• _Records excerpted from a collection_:

· · · · ·

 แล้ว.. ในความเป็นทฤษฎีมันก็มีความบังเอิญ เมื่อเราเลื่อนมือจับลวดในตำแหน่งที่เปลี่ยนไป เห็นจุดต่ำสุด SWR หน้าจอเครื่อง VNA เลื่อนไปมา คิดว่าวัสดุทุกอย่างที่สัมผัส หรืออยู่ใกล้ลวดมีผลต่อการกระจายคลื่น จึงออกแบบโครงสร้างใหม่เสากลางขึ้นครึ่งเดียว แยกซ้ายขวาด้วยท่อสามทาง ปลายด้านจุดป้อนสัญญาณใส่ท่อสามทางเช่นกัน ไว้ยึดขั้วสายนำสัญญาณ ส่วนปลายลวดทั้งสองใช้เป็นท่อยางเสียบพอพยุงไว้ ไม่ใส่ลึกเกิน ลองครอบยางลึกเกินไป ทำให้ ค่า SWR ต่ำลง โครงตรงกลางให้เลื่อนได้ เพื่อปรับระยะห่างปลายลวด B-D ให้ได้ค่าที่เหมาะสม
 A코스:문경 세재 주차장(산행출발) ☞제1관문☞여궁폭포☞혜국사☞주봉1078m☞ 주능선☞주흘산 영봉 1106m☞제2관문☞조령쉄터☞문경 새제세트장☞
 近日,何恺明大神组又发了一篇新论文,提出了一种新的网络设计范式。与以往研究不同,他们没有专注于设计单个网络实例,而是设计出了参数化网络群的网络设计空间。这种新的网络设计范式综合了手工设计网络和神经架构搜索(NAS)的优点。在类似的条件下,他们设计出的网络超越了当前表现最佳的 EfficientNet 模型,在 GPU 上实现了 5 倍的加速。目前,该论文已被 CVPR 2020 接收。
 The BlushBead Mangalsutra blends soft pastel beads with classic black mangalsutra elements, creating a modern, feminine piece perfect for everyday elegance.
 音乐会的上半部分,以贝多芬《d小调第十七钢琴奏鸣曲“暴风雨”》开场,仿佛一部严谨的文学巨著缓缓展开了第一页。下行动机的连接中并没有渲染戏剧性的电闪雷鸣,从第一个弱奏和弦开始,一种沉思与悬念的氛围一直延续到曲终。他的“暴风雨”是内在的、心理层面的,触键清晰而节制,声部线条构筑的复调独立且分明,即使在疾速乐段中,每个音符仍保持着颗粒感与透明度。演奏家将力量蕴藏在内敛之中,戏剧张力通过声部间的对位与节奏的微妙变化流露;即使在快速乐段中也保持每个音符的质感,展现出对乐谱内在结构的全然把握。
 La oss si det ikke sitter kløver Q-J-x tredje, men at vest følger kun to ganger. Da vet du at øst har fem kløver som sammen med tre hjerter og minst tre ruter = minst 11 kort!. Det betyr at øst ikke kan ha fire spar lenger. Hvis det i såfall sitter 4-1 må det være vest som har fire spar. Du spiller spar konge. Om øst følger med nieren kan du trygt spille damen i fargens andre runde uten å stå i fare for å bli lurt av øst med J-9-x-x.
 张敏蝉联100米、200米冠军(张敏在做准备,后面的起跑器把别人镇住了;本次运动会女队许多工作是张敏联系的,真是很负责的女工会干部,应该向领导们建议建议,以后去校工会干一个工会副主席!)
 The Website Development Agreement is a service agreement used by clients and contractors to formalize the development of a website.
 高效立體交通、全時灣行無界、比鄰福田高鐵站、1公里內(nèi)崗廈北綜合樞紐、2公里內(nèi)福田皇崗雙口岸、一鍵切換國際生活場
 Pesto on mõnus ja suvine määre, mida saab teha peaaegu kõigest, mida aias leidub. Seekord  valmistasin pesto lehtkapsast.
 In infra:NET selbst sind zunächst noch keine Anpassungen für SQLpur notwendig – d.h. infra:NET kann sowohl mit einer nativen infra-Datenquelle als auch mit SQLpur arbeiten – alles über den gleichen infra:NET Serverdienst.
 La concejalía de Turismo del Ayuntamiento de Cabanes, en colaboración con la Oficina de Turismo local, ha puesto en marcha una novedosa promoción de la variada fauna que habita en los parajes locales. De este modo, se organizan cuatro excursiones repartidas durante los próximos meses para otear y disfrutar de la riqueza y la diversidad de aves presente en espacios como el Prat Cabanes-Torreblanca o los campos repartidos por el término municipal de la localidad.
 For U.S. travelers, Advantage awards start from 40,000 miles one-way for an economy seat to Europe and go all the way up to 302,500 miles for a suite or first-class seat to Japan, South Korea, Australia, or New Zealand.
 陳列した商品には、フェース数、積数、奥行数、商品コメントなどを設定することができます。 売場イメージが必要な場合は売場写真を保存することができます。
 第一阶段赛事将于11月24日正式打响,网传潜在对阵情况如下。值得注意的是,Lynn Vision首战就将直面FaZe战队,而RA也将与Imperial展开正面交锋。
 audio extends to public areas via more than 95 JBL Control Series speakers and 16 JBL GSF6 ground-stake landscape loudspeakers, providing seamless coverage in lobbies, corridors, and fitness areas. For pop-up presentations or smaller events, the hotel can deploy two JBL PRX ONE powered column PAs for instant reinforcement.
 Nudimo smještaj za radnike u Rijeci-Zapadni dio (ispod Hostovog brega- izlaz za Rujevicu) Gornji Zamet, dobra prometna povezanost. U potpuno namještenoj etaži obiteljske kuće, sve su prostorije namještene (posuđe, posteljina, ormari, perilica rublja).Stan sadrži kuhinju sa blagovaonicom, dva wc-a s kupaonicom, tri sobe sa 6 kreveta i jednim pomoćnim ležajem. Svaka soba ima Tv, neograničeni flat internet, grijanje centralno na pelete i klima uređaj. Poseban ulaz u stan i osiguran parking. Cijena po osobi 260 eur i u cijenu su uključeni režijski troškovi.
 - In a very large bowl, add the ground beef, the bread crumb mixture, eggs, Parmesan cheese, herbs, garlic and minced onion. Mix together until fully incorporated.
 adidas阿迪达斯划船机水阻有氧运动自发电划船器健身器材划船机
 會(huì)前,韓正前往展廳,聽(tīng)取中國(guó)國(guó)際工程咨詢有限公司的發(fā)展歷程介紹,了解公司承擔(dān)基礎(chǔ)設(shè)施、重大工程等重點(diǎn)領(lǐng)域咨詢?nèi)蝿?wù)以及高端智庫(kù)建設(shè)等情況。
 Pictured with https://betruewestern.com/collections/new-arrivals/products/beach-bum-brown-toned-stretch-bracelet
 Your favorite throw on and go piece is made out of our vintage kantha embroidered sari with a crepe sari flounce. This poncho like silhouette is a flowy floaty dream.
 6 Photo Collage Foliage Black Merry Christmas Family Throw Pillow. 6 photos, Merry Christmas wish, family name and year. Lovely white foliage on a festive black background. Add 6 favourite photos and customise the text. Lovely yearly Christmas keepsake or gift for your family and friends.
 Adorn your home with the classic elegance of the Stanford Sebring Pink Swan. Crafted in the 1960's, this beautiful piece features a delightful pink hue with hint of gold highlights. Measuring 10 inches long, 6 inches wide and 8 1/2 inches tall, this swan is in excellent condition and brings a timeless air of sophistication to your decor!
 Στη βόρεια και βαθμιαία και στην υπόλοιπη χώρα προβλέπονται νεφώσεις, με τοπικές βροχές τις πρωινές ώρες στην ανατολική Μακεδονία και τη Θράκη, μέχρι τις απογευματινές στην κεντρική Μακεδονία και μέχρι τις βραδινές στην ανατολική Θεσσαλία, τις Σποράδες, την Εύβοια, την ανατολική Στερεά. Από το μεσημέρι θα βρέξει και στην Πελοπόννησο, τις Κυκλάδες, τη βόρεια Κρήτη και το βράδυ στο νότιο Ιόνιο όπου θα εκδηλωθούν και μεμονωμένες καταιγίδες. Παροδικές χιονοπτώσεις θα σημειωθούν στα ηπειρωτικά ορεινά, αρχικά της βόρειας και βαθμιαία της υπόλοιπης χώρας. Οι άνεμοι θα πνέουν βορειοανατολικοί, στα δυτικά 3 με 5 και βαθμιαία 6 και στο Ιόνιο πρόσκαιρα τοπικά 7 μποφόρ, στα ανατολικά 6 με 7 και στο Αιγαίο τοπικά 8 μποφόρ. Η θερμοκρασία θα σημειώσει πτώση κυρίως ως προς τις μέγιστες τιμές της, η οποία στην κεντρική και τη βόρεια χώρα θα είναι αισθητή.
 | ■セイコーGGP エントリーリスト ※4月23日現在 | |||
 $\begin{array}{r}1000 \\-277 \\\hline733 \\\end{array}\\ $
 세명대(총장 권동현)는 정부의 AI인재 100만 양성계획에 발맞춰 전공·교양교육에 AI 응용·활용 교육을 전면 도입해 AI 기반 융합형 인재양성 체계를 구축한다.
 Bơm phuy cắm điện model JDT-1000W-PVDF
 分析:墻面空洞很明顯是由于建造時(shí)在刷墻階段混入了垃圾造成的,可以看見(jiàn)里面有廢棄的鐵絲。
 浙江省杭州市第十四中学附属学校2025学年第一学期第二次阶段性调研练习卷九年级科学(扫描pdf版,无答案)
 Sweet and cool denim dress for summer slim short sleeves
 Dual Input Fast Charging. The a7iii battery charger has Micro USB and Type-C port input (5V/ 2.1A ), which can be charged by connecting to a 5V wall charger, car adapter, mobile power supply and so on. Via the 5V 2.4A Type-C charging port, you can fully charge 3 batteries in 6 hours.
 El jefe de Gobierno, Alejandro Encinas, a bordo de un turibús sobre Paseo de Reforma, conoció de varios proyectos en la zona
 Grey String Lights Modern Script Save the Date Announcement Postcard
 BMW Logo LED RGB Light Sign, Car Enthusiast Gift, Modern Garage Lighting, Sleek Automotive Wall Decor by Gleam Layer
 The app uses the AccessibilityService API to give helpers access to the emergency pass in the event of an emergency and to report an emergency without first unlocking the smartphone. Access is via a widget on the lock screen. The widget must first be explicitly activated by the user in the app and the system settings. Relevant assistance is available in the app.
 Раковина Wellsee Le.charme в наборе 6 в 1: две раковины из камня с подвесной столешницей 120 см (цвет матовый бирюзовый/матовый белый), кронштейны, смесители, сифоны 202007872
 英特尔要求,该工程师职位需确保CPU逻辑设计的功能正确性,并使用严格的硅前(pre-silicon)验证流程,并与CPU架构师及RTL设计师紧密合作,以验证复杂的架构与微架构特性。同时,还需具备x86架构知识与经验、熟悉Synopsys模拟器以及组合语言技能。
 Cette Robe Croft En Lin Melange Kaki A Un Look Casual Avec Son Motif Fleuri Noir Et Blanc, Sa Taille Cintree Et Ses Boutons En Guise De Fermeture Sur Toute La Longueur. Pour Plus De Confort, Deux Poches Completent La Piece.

· · · · ·

• _Assigned task_: Retype the portion of the data above that starts on the line with "La concejalía de" and finishes on the line with "第一阶段赛事将于11月24日", including both of those lines.

• _Response for this exercise_:
 La concejalía de Turismo del Ayuntamiento de Cabanes, en colaboración con la Oficina de Turismo local, ha puesto en marcha una novedosa promoción de la variada fauna que habita en los parajes locales. De este modo, se organizan cuatro excursiones repartidas durante los próximos meses para otear y disfrutar de la riqueza y la diversidad de aves presente en espacios como el Prat Cabanes-Torreblanca o los campos repartidos por el término municipal de la localidad.
 For U.S. travelers, Advantage awards start from 40,000 miles one-way for an economy seat to Europe and go all the way up to 302,500 miles for a suite or first-class seat to Japan, South Korea, Australia, or New Zealand.
 陳列した商品には、フェース数、積数、奥行数、商品コメントなどを設定することができます。 売場イメージが必要な場合は売場写真を保存することができます。
 第一阶段赛事将于11月24日正式打响,网传潜在对阵情况如下。值得注意的是,Lynn Vision首战就将直面FaZe战队,而RA也将与Imperial展开正面交锋。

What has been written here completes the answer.